This Is Water
My buddy Tak was kind enough to share this video with me. It’s worth watching more than once. David Foster Wallace tells it like it is in this Kenyon College commencement speech. Wallace says that the point of a liberal arts education “isn’t really about the capacity to think, but rather about the choice of what to think about.” He warns students that their lives will be filled with “banal platitudes,” but that these moments are not all meaningless. How we view and interpret events can have dire consequences for the outcomes in our lives. According to Wallace, we are all hardwired from birth with a default setting that tells us that we are the center of the universe. We view everything from the standpoint of how it affects us and not from the viewpoint of others.
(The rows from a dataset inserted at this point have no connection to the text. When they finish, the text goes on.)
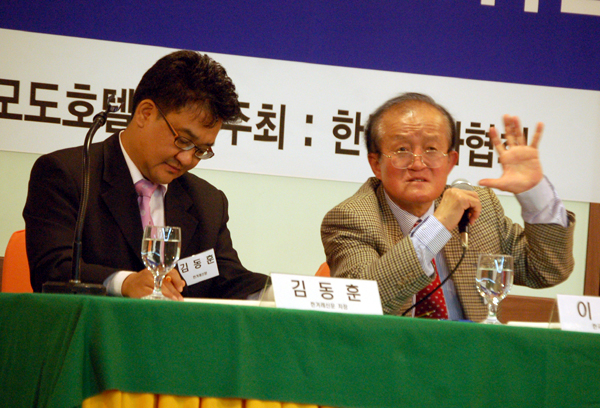 ▲ 이성춘 기자상 심사위원(오른쪽)이 지난달 29일 경주 코모도호텔에서 열린 ‘기자상 포럼’에서 발제하고 있다. |
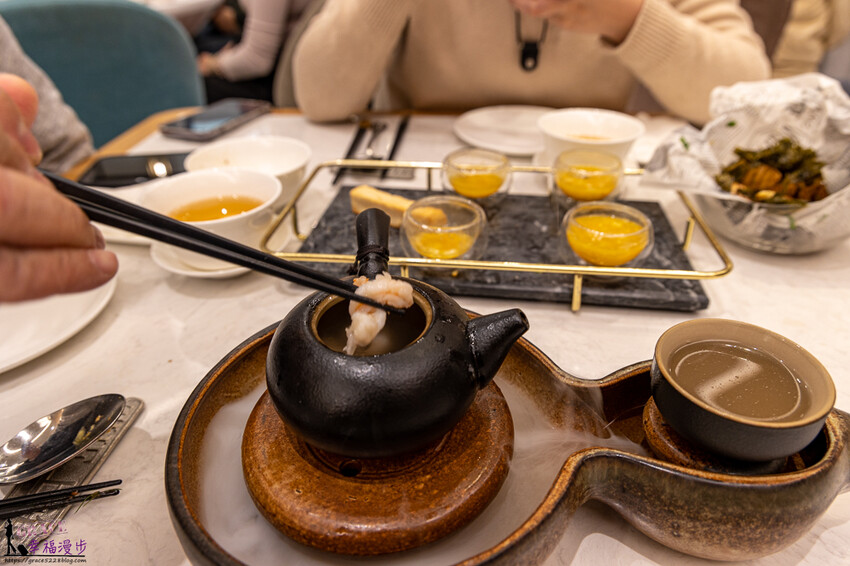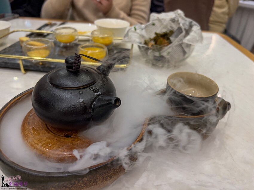 煙波金丹湯價格328元,這道湯品相當浮誇,用著葫蘆造型的托盤,上面有著乾冰,用著茶壺裝盛湯品,整個煙霧繚繞也太好拍了。
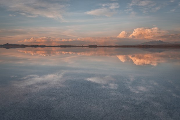 The Uyuni salt flats in Bolivia allow stunning reflections on the glass-like surface of the water.
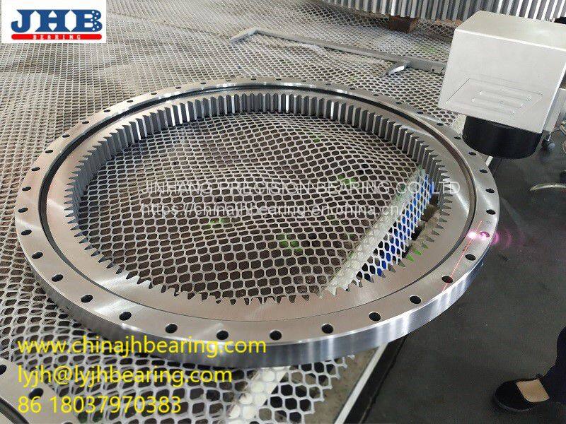these slewing rings without preload are robust and proven under very demanding operation; they place only slight demands on the flatness and perpendicularity of the adjacent construction.They are suitable for applications with low requirements for accuracy and rigidity of the bearing arrangement, for example in simple metalworking machines, wind power equipment and construction machinery The outer diameter:486mm,Inner diameter:325mm,Height:56mm, It is the light series bearing structure with internal teeth.
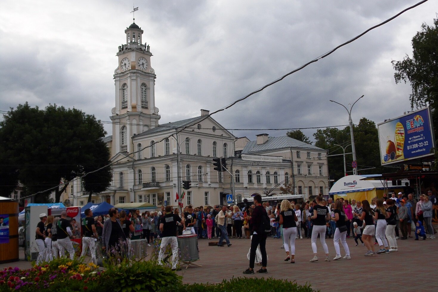 В день открытия фестиваля «Славянский базар в Витебске 2019» музыканты «Raccoon Batucada» выступили перед публикой возле концертного зала «Витебск» и напротив городской ратуши у моста 1000-летия.
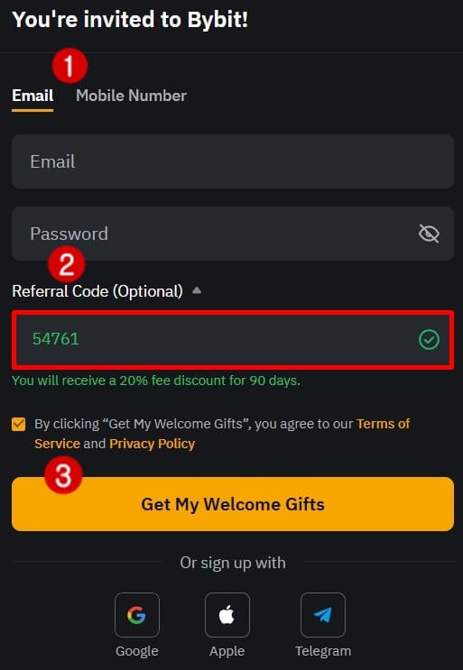 이렇게 바이비트에서는 회원 가입시 첫 화면 Refferral Code(Optional)에서 레퍼럴 추천인 코드를 등록할 수 있습니다. 이때 위의 바이비트 사이트 링크를 눌러서 진입하시면 20% 최대 수수료 감면 및 최대 3,000달러 이상의 달러 지급 쿠폰을 받을 수 있는 '54761' 코드가 자동 기입되어 있습니다. 만약 레퍼럴이 다른 코드로 적혀있거나 공백이시라면 [54761]을 직접입력하셔서 최대 헤택을 적용하시길 추천드립니다. 참고로 가입 절차에 어려움이 있다면 바이비트 가입 방법을 읽고 따라 진행하시면 됩니다.
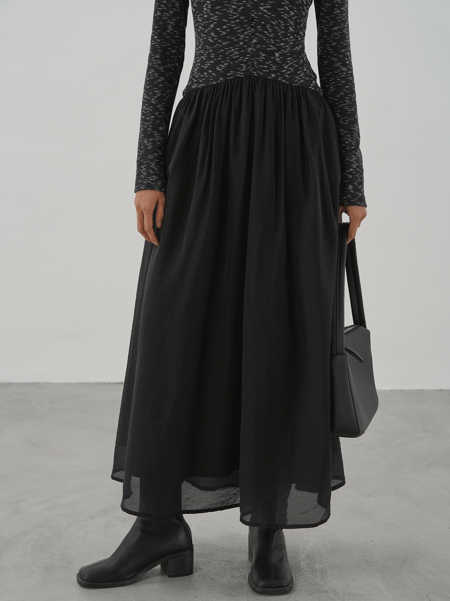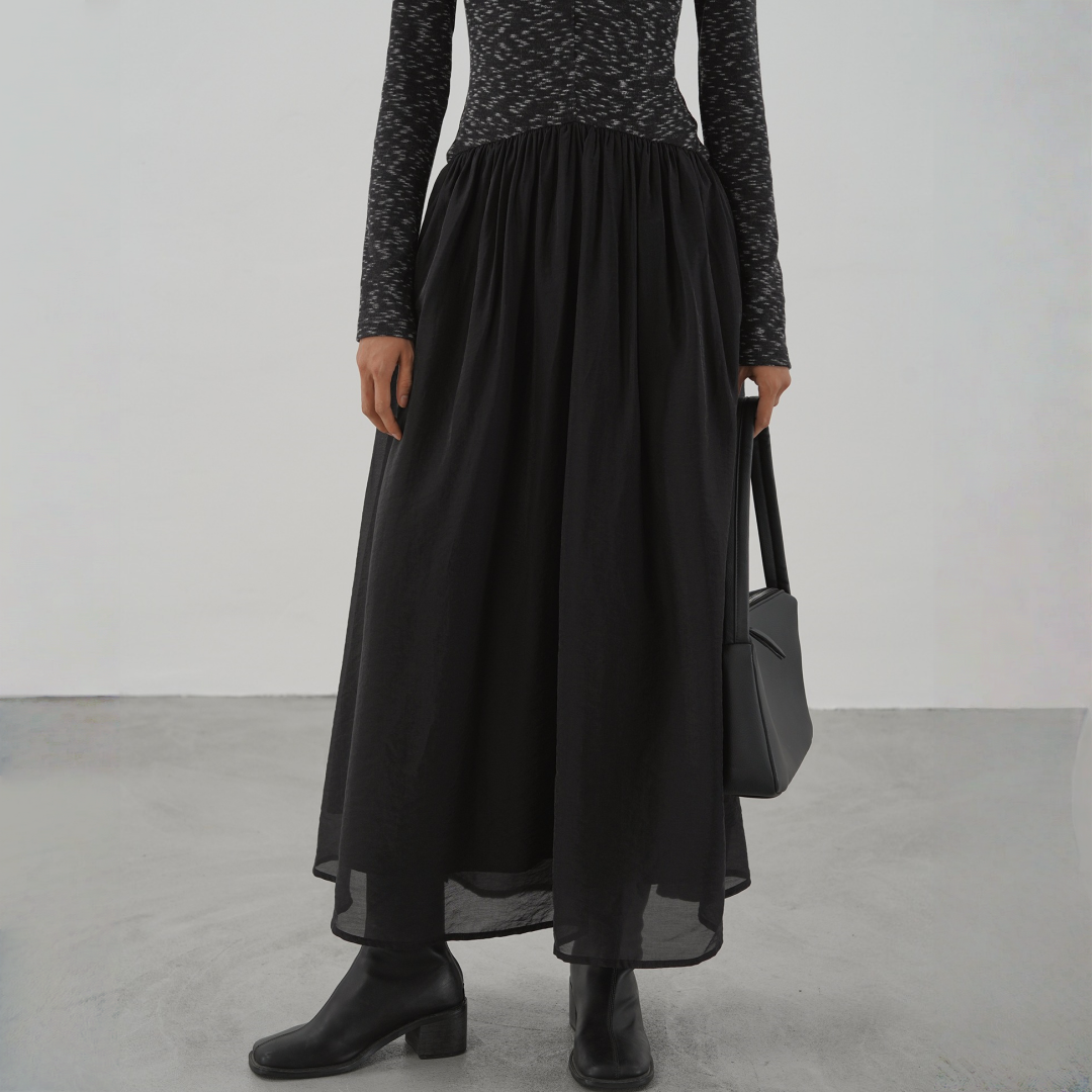【ワンピース】春 秋 冬 オーガンジー切替 ゆったり ティアード ワンピース 【AHシリーズ】

There are many mundane aspects to life: standing in the grocery store line, driving from home to work, waiting on hold when trying to call an account rep that we really don’t want to talk to. These are all things that get us worked up and make us want to hurry up and get on to the next thing. What if we were to practice awareness in these moments instead of mulling on how much we hate being there? What if we were to notice the child in the cart in front of us smiling or the mother who is frazzled because her Link card is not going through?
A large part of education is building intellect. We learn how and what to think, but not so much how to think for ourselves. The more intellect we develop, it seems, the less able we are to practice awareness and see things as they really are. If I am taught that people need to do for themselves and that everyone is given an equal opportunity to succeed, then whenI see that woman with five little kids running around at the store, I am going to think that she needs to stop producing children and start producing economic contributions to the rest of society. What I won’t be able to see, however, is that her husband of 10 years who never let her finish her education and find a job decided to walk away and has not paid a penny of child support. How we interpret what we see will have a huge impact on how we perceive the world to be.
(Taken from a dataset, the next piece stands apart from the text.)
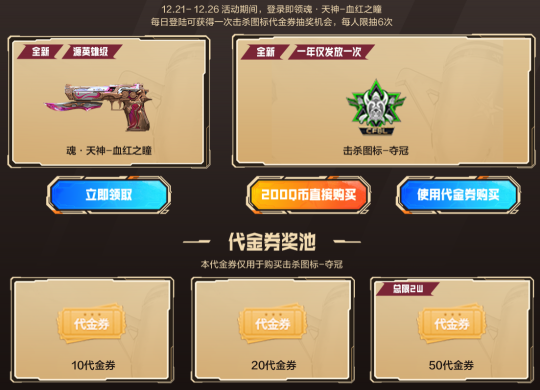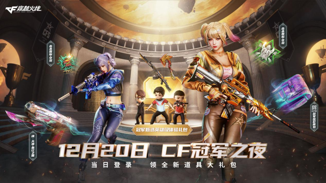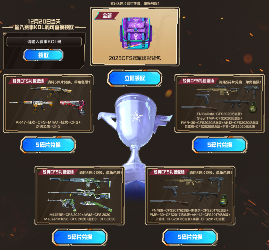 12月20日起,冠军之夜系列福利即将正式上线。限时登录即可领取全新【击杀图标-夺冠】、全新源英雄级武器【魂·天神-血红之瞳】,还能在经典2+1角色【潘多拉-锋芒精英】与【斯沃特-锋芒精英】中二选一;英雄级道具一折购也将在直播间限时开启,更有连续7天的冠军甄选英雄级体验礼包每日可抽!各位CFer,别错过这场荣耀狂欢! 活动时间:12.20-12.26 核心道具奖励:毁灭-孙三炮(7天)、荣耀世冠-龙啸(7天)、麒麟刺(7天)等英雄级武器 参与方法: 1、活动期间,CFer每天可从三个奖池(主武器、副武器、近战武器)中开启一个道具,领取对应的7天英雄级装备; 2、可从已抽出的道具里选一个分享给好友,每人限分享一次; 3、12.20-12.21输入赛事口令并登录后能额外获得一次开启奖池的机会。 活动时间:12.20-12.26 核心道具奖励:击杀图标-夺冠、魂·天神-血红之瞳、潘多拉-锋芒精英/斯沃特-锋芒精英(2选1)、代金券若干(仅限购买击杀图标-夺冠) 参与方法:12月20日当天登录游戏即可直接领取全部奖励,后续也可在12月26日前登录补领魂·天神-血红之瞳,但如果错过当天还想拥有击杀图标-夺冠,则需要选择花费200Q币购买击杀图标-夺冠或每日登录获得1次击杀图标代金券抽奖机会后折扣购买,代金券每人限抽6次。 活动时间:12.20-12.30(12月23日更新后可领取背包) 核心道具奖励:2025CFS冠军炫彩背包 参与方法: 1、12月20日当天输入赛事口令,可直接解锁2025CFS冠军炫彩背包; 2、12.20当日登录得2片碎片,12.21-12.30每日登录得1片碎片; 3、分享背包给1位好友,好友登录后双方各得1片碎片; 4、若错过12月20日当天兑换,集齐8片碎片也可兑换2025CFS冠军炫彩背包,消耗碎片也可兑换其他经典CFS礼包。 12月20日起,还有英雄级道具一折购福利将在直播间开启,各位CFer不要忘记前来解锁冠军之夜,共庆2025CFS冠军时刻哟! |
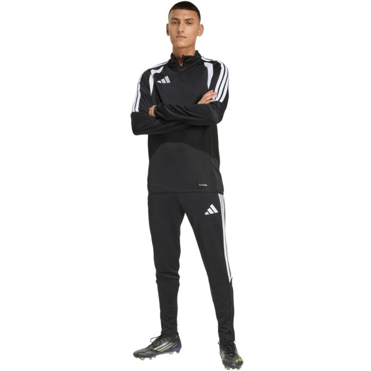 adidas Tiro 26 League Training Slim Pants, Black JY7113. These adidas men's pants from the Tiro football collection are perfect for training. Quick-drying fabric. Climacool technology wicks and disperses sweat, keeping you cool and dry. Slim fit. Mid-rise, elastic waistband with a drawstring. Side pockets with zippers. Zippered leg openings. Material: 100% recycled polyester

This principle also applies to theology. If we develop a theology that becomes cemented into our brain with the intellectual understanding that God is a certain way and that, as a result, the cosmos works a certain way, then we will only be able to see what goes on around us through a very small lens. I am 100% in favor of intellectual endeavors and furthering our capacity to cognate. However, I think we also need to let people be people and let God be God without us putting our labels on them. Enjoy the video and I hope that it will open all of our eyes to a new awareness of the world around us.